(10)「新敢戦――釜山行」
軍事境界線西部を防衛する最精鋭、大韓民国陸軍第3野戦軍が未確認巨大生物と交戦を開始したのは、9月13日午前10時のことであった。
有事の際に南侵を試みる朝鮮人民軍陸軍を迎え撃つために、編成された韓国陸軍第3野戦軍の規模と実力は、東アジア最強と言える。首都防衛軍団、第1軍団、第7機動軍団をはじめとする5個軍団(常備14個師団)を指揮下におき、総動員令が発令されれば、その手持ち兵力は23個師団にもなる。
しかしながらその戦力は、朝鮮人民軍を迎え撃つのには十分でも、未確認巨大生物を阻止するのには不十分であった。155mm榴弾砲と227mmMLRS黒龍による突撃破砕砲撃は巨大生物の進撃を鈍らせはしたが、撃破には届かない。

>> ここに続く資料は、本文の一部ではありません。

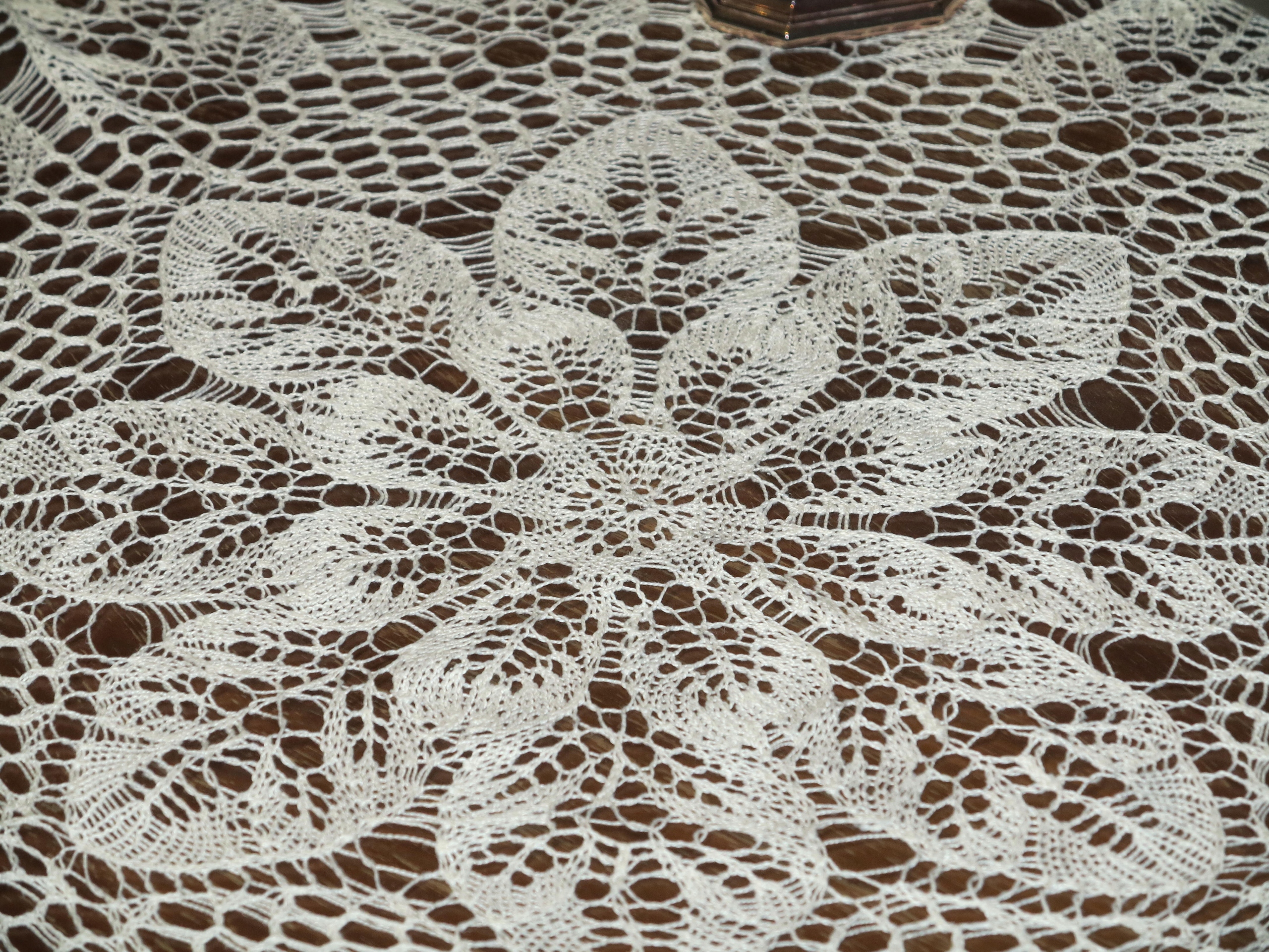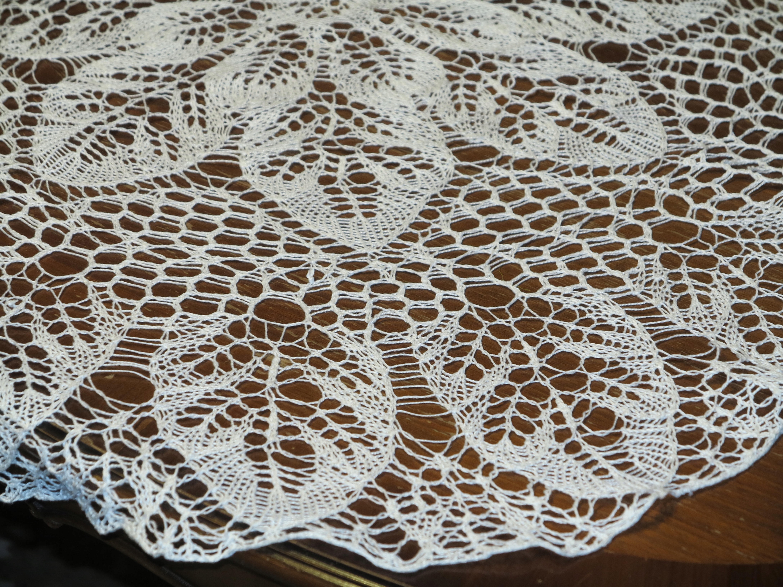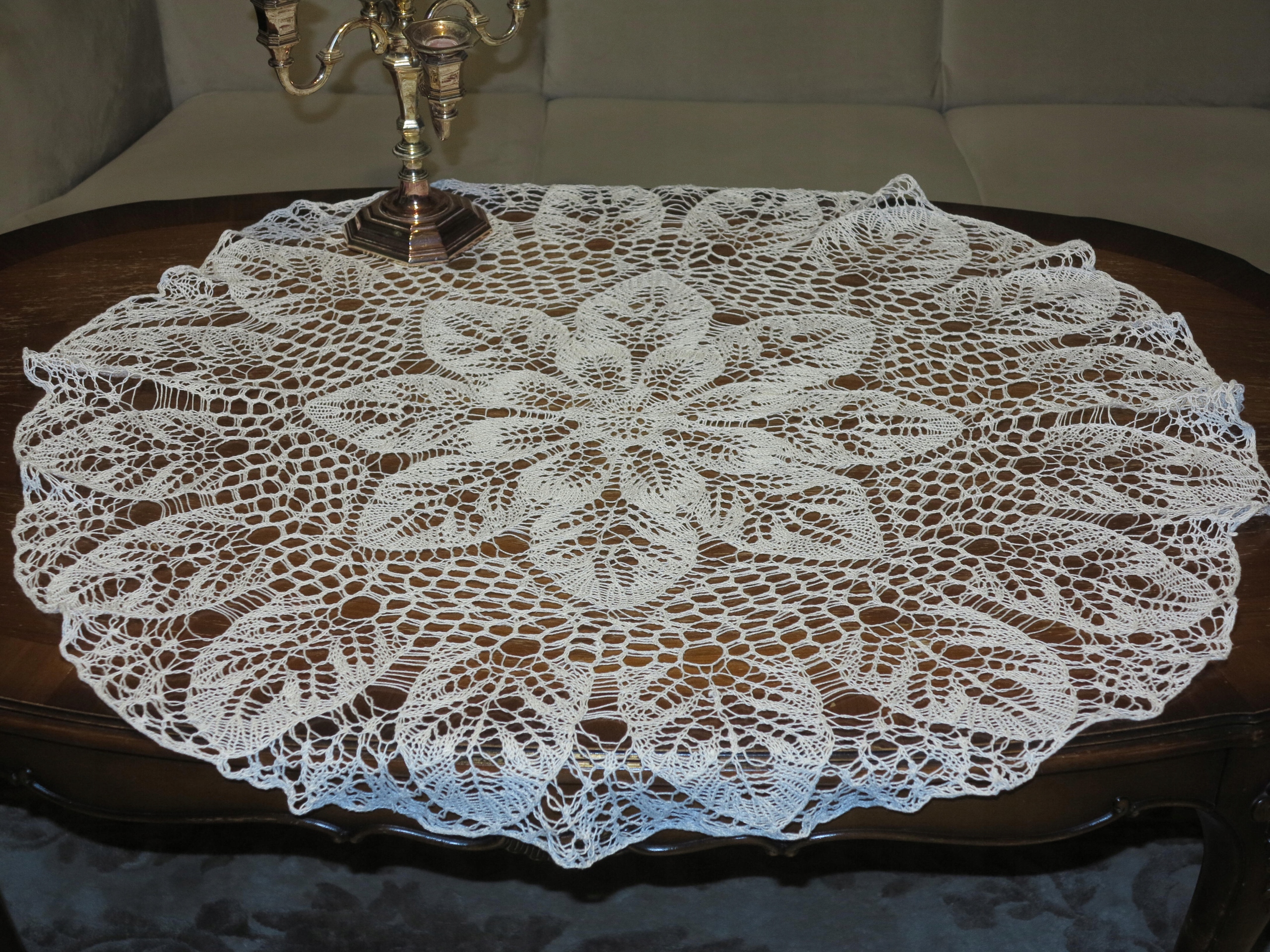 ГАРНУ БІЛУ СКАТЕРТИНУ-СЕРВЕТКУ, вишуканої ручної в'язки, з бавовняних ниток.

第3野戦軍司令部の参謀たちの中には、「通常兵器による攻撃は無駄」と広言して憚らない者も現れた。朝鮮人民軍関係者の言が真実だとすれば、巨大生物は核攻撃にさえ耐えたのである。通常兵器で撃破がかなうわけがない。
だが彼ら第3野戦軍は、諦めるわけにはいかなかった。
「第5軍団は東豆川市の防衛に失敗ッ、まもなく揚州市に入ります!」
「目標はKORAIL京元線に沿う形で南侵中。揚州市が陥落すれば、次は議政府市――議政府市が突破されればもうソウルです。目標の進撃速度が緩まなければ、2時間後にはソウルが蹂躙されます!」
「第1軍団、第5軍団司令部にはいかなる犠牲を払ってでも、目標を揚州市内に留めるよう厳命せよ。ソウル市民の避難状況はどうなっている?」
軍事境界線から40㎞程度しか離れていない1000万人都市ソウルでは、市民の避難はまったくもって進んでいなかった。北朝鮮領内での連続核爆発から有事発生の危険性を感じ取った一部の賢い市民は、巨大生物が軍事境界線に現れる前から自主的に避難をしていた。だがしかし一方で、大部分の市民たちは衣食住と仕事を容易に捨てられず、この破滅の瞬間を迎えた。
「市民の避難はまったく進んでいません。幹線道路・一般道を問わず、数百㎞の渋滞が発生、路線バスによる輸送は期待できません」
「頼みの綱のKORAILは、京釜線を使ってソウル市民を天安市(韓国中西部の都市)へと避難させています。ただ世宗特別自治市を初めとする大小都市が攻撃を受けたため、運行状況はかなり不安定です。人身事故も頻発しており、それを無視しながら走行している形です」
「金浦国際空港と仁川国際空港は現在、封鎖中です。搭乗できる見込みがないと分かり、暴徒と化した避難民が滑走路内に殺到したらしく……」
他の大小都市で発生した惨劇をSNSで認知した約900万の市民は狂乱したが、未だソウル市内から脱出出来ていなかった。ソウル近隣の市・郡も合算すれば、避難を要する市民総数は2000万――大韓民国国民の約半数にも及ぶ。軍事境界線至近の距離にある大都市への一極集中、それを是正しなかったツケは大きすぎた。
「現在、航空作戦司令部と大韓民国空軍は協同して、救援航空オペレーションを開始しています」
「陸空軍機など何のアテにもならんぞ」
緊急避難というよりも民族大移動に近しい、2000万名の移動。
だがしかしそれに対して、韓国が持つ輸送能力は貧弱に過ぎた。恐慌状態に陥った避難民と、韓国全土が核攻撃を受けるという非常事態下――民間の交通機関は破綻寸前にまで追い詰められた。
大韓民国陸海空軍の輸送能力は、お寒い限りである。朝鮮人民軍を仮想敵として、正面装備の拡充に力を入れざるを得なかった彼らは、輸送に関する装備が極めて僅少である。避難民の輸送に使えそうな空中機材と言えば、CH-47輸送ヘリが陸空合わせて23機あるだけだ。
「ソウル市民1000万、首都圏住民約2000万が避難する時間を、稼ぎ出すしかない……」
避難が遅々として進まない以上、韓国陸軍第3野戦軍はいかなる犠牲を払ってでも、未確認巨大生物を足止めし、市民のために猶予の時間を稼ぎ出すほかなかった。
そして第3野戦軍司令部と同様の結論に、米韓連合司令部も至ったのであろう。
“いかなる犠牲を払ってでも”、未確認巨大生物の進撃を止める――悲壮な覚悟を固めた彼らは、最終オプションを選択した。
大陸間弾道弾ミニットマンによる核攻撃。
広島型原爆の20倍の威力を持つ300キロトン級熱核弾頭が、揚州市街地一帯を焼き払った。